Despite his height, he’s nowhere near as heavy as a human man, and I drag him toward me easily, his feet digging into the stone floor.
As soon as he gets close enough, I swipe with the dagger. He swipes with his claws. We both lose—or maybe we both win. He went for my hand with the chain. I went for his shoulder. We break apart, both bleeding.
He gives me no time to recover. He leaps at me again, swiping for my face, for my neck. I bat his claws away with t
he dagger, but my forearms take most of the damage. He must sever something vital because the weapon slips from my hand to clatter to the floor. My magic responds almost without thought, healing the damage quickly enough for me to go after him with fists and brute strength. We collide with the other chair, with the chest of drawers, with the pile of logs beside the hearth. A drapery rips down from the wall.
Iisak twists free of my hold and buries those teeth in my forearm. I punch him, and it dislodges him enough that he leaps off me, my blood staining the skin around his mouth.
I roll fast and find the sword under the chair, but Iisak is on top of me before I can draw it. His hands aim for my neck, and I’m ready for him to swipe with his claws, but instead the chain catches me in the throat and presses me down into the stone floor. It’s so tight that I can’t even swallow. He kneels on my sword arm.
I fight his grip with my free hand, but now he’s got leverage.

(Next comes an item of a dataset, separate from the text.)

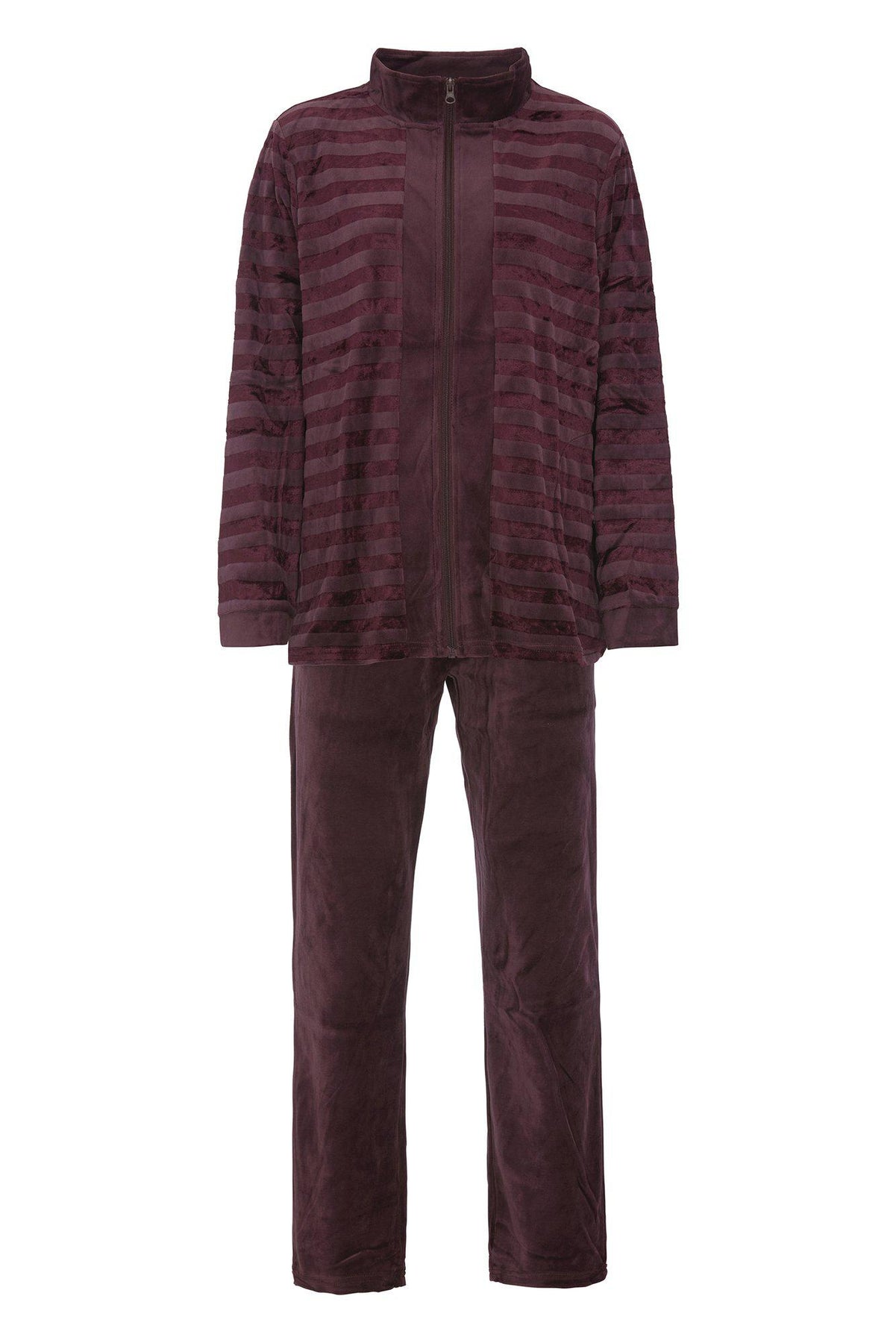 Upplev en perfekt kombination av komfort och stil med ett mjukt loungset i velour. Jackan är randig och har en smidig dragkedja som ger en modern känsla och gör plagget lätt att använda. Praktiska fickor i både jackan och byxorna ger en skön plats att värma händerna när temperaturen sjunker. Byxorna har en elastisk midja för en perfekt passform och extra komfort hela dagen.

I glare up at him, sure my eyes are burning with fury. I fight to grit words out. “What do you want, Iisak?”
He leans down, his face an inch from mine. Those fangs are still bared, still tinged with my blood. His breath is like a winter wind. “No. What do you want?”

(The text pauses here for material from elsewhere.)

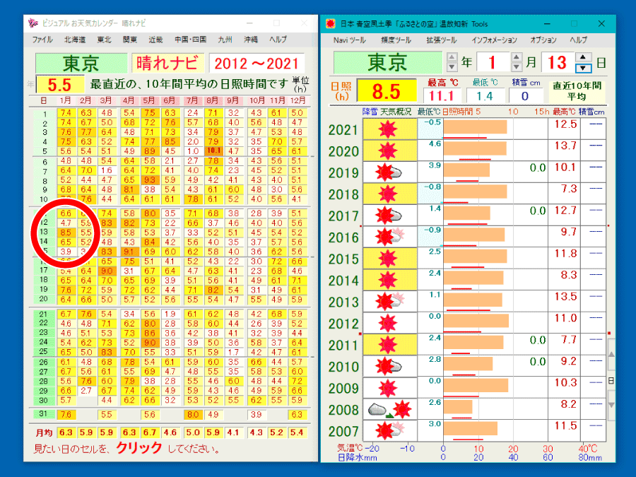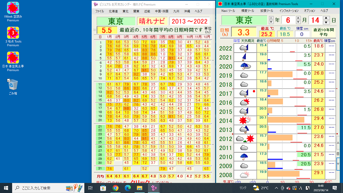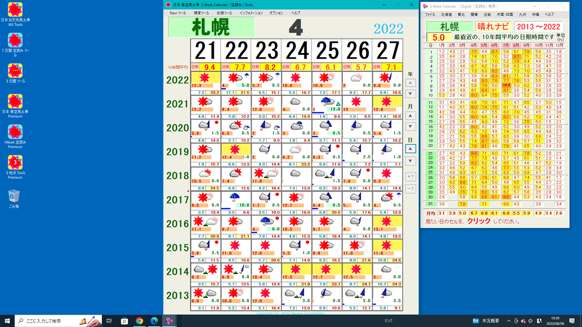 重要ノウハウの4点目です。この画面では、過去15年間分の過去天気を一度に見ていますが、近年は地球温暖化が進行し、地球環境も大きく変化してきています。もはや、10年以上も前の古い時代のデータは参考にはなりません。こういう点を考慮し、最新最直近の10年間のみのデータを指標としています。具体的には、右側画面の最上段、日照(h)の大きな数字は、直近10年間の平均日照時間を表しています。

I try to throw another punch, but he knocks my hand away, then puts his claws against my throat, right over the chain. I grip his wrist, but he tightens his fingers. I feel every single point of his claws against my skin, and I freeze. He doesn’t break the skin, but if I dare to breathe, he might.
What do you want?
Those words seem to drain the fight right out of me. My chest is heaving beneath his weight, and my throat burns with emotion.
There are so many things that I don’t want.
I don’t want Lia Mara to suffer for what I’ve done.
I don’t want the few people who’ve sworn to me to suffer for their allegiance.
I don’t want anyone else to be harmed.
I don’t want my country to fall.
I blink up at Iisak, and my vision blurs. “I don’t want to be at war with Rhen.”
The claws in my neck ease, and the scraver withdraws. I slide the chain away from me, then roll to sitting, rubbing at my neck. The magic in my blood rushes to heal any injury, almost without thought now.